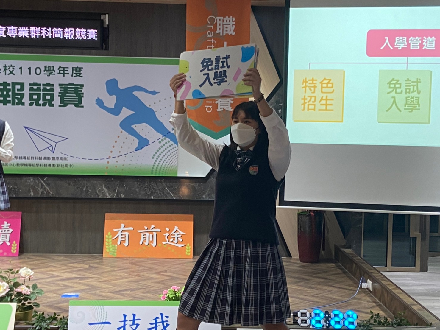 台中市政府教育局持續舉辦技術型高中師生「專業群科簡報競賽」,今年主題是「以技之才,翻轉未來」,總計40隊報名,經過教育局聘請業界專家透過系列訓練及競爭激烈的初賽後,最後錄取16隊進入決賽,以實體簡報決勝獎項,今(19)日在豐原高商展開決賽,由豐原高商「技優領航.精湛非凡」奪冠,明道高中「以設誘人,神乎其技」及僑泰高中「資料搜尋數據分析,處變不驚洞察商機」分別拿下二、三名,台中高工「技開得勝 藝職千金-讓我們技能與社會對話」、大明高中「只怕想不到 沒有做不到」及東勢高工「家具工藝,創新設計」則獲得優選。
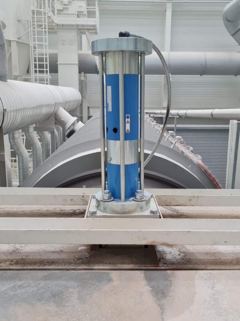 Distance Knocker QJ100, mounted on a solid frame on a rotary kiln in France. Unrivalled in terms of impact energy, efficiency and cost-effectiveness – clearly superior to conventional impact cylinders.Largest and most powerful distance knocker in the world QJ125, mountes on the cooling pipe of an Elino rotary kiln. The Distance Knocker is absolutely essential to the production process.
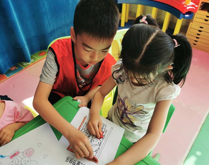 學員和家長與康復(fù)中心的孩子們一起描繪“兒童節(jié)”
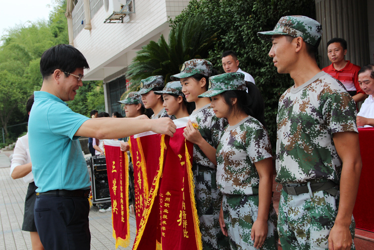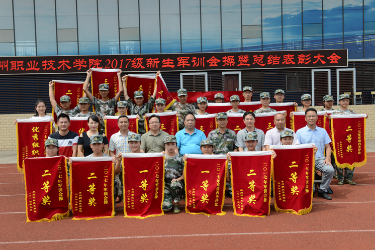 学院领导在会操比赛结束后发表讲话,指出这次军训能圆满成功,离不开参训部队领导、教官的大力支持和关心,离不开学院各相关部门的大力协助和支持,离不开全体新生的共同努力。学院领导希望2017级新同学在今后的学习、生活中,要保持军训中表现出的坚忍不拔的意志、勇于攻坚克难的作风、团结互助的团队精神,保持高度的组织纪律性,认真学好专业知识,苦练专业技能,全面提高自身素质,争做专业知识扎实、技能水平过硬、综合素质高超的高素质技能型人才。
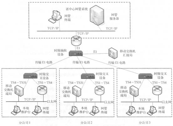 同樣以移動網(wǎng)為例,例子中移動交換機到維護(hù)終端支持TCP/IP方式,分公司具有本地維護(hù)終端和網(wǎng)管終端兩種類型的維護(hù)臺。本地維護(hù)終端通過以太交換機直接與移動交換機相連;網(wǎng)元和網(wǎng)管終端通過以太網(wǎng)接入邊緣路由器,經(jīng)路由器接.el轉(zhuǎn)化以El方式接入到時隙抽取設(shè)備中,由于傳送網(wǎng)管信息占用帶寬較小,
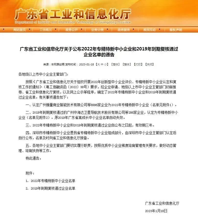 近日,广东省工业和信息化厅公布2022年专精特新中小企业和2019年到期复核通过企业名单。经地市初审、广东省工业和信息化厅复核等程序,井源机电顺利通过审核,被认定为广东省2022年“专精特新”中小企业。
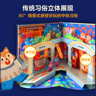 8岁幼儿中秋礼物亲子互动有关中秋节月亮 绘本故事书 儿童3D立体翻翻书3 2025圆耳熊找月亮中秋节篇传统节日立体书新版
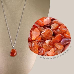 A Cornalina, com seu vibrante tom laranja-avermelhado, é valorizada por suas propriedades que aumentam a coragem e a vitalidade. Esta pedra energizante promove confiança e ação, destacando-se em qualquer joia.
________________
» **YOUR GOAL**: The copy must begin with the line containing "8岁幼儿中秋礼物亲子互动有关中秋节月亮 绘本故事书 儿童3D立体翻翻书3", end with the last line of the material, match each line exactly, and hold no pictures.

» **RESPONSE TO THIS EXERCISE**:
 8岁幼儿中秋礼物亲子互动有关中秋节月亮 绘本故事书 儿童3D立体翻翻书3 2025圆耳熊找月亮中秋节篇传统节日立体书新版
 A Cornalina, com seu vibrante tom laranja-avermelhado, é valorizada por suas propriedades que aumentam a coragem e a vitalidade. Esta pedra energizante promove confiança e ação, destacando-se em qualquer joia.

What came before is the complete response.